▶ _What is needed_
Repeat precisely the span of lines below that opens with the line containing "Helps you easily" and closes with the line containing "納骨堂の詳細については、HPメニューの「納骨堂一如院」をご覧ください。", both included.
-- Data for analysis follows --
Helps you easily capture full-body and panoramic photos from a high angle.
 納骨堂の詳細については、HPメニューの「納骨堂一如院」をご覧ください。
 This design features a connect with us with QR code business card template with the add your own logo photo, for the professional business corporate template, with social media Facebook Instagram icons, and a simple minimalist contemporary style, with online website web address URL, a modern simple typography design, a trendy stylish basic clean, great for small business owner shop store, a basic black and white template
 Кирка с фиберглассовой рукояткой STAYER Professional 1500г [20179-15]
-- Data for analysis concluded --
-- Data for analysis follows --
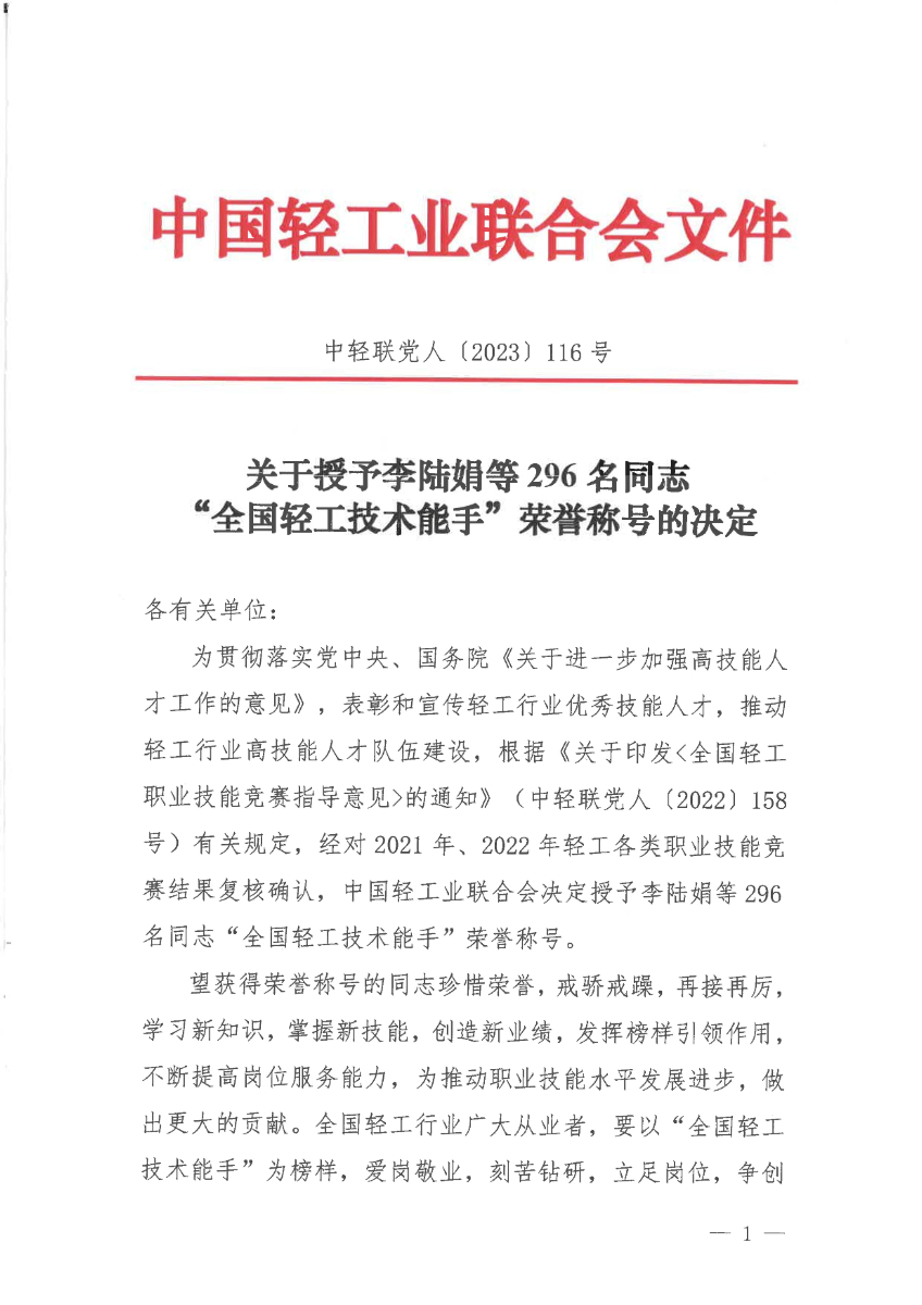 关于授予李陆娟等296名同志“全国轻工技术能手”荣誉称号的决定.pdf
-- Data for analysis concluded --
-- Data for analysis follows --
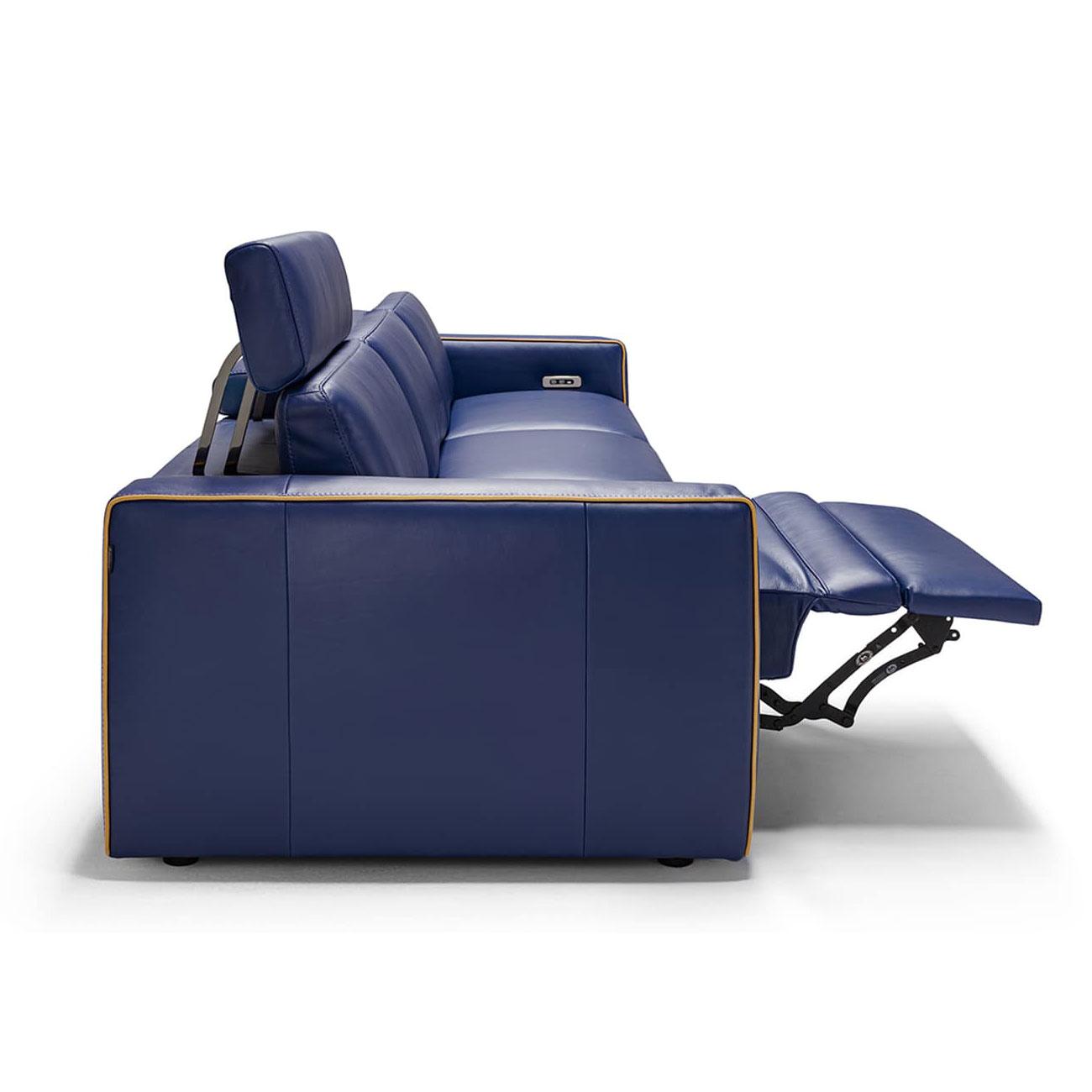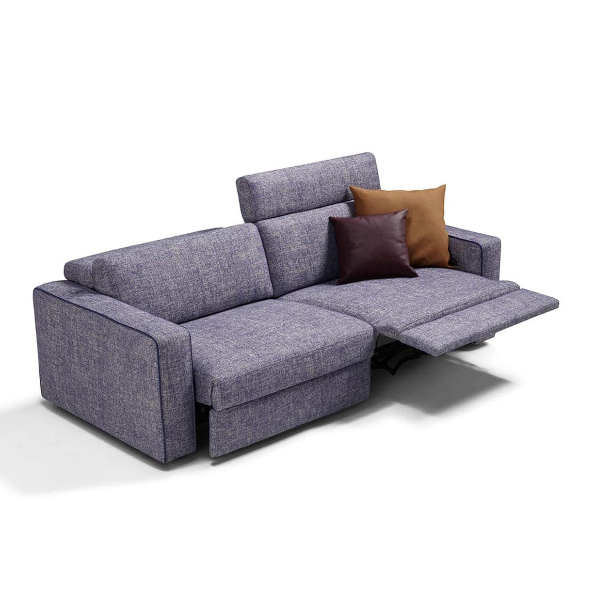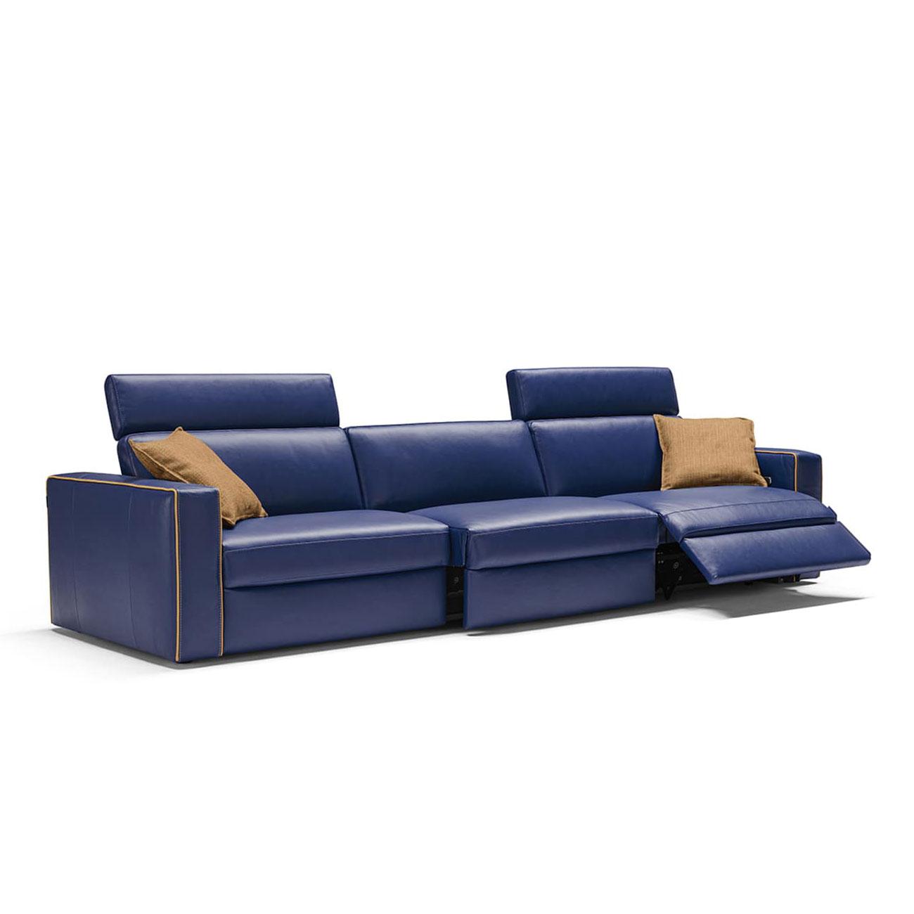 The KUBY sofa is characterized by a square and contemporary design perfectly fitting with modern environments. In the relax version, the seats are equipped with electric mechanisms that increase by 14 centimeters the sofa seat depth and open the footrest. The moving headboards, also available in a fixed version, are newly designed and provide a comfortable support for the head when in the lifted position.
-- Data for analysis concluded --
▶ _Written solution_
Helps you easily capture full-body and panoramic photos from a high angle.
 納骨堂の詳細については、HPメニューの「納骨堂一如院」をご覧ください。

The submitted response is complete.